Barracuda Zero-Day Exploitation Leads to Email Security Gateway Breaches
Barracuda, an email protection and network security services provider, has alerted its users about a zero-day flaw that has been exploited to breach the company’s Email Security Gateway (ESG) appliances. Tracked as CVE-2023-2868, this remote code injection vulnerability affects versions 5.1.3.001 through 9.2.0.006.
The vulnerability is rooted in a component that screens the attachments of incoming emails, stemming from incomplete input validation of user-supplied .tar files. This allows a remote attacker to format file names in a specific manner, leading to remote execution of a system command via Perl’s qx operator with the privileges of the ESG product. Upon detecting the flaw on May 19, 2023, Barracuda promptly deployed patches to all ESG devices worldwide.
Moreover, the company found evidence of active exploitation of CVE-2023-2868, resulting in unauthorized access to a subset of email gateway appliances. The scale of the attack remains undisclosed, but affected users have been contacted with remedial actions to take. The U.S. Cybersecurity and Infrastructure Security Agency has added this vulnerability to its Known Exploited Vulnerabilities catalog, urging federal agencies to apply the fixes by June 16, 2023.
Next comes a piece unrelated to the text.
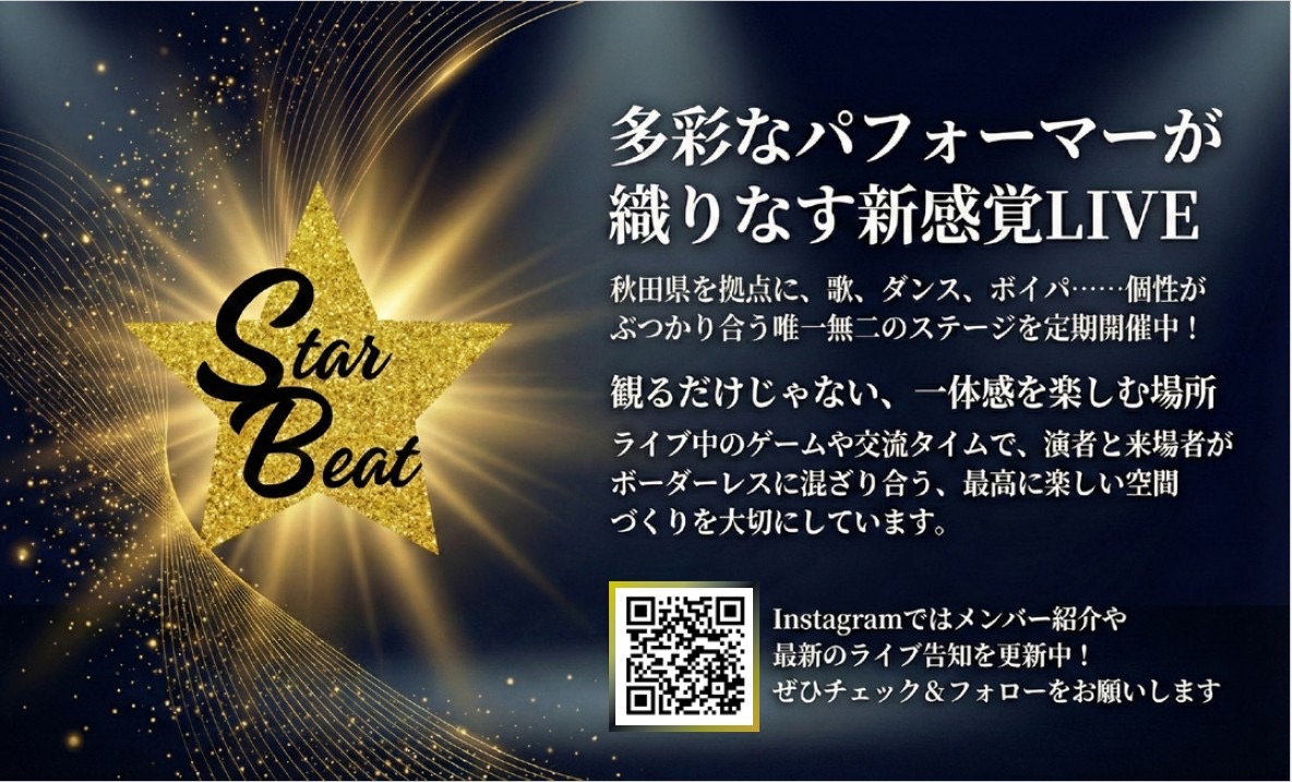 STARBEATについての最新ライブ情報 ・参加希望・県内、県外からのゲスト出演、出店などは下記Instagramまでお問い合わせください✨

KeePass Vulnerability Exposes Master Passwords to Attackers
A security flaw impacting the KeePass password manager could be exploited to recover a victim’s master password in cleartext under specific circumstances, according to a recent proof-of-concept (PoC). This flaw, assigned CVE-2023-32784, affects KeePass versions 2.x for Windows, Linux, and macOS and is expected to be patched in version 2.54.
The vulnerability allows an attacker to recover most of the password in plaintext, and requires only a memory dump from the targeted system. It’s crucial to note that for successful exploitation, an attacker would need to have already compromised a target’s computer, and the password would need to be typed on a keyboard, not copied from the device’s clipboard. The PoC was developed by a security researcher known as “vdohney,” who discovered the flaw. Despite this vulnerability the researcher underscored that the risk of exploiting it decreases over time after KeePass is no longer running.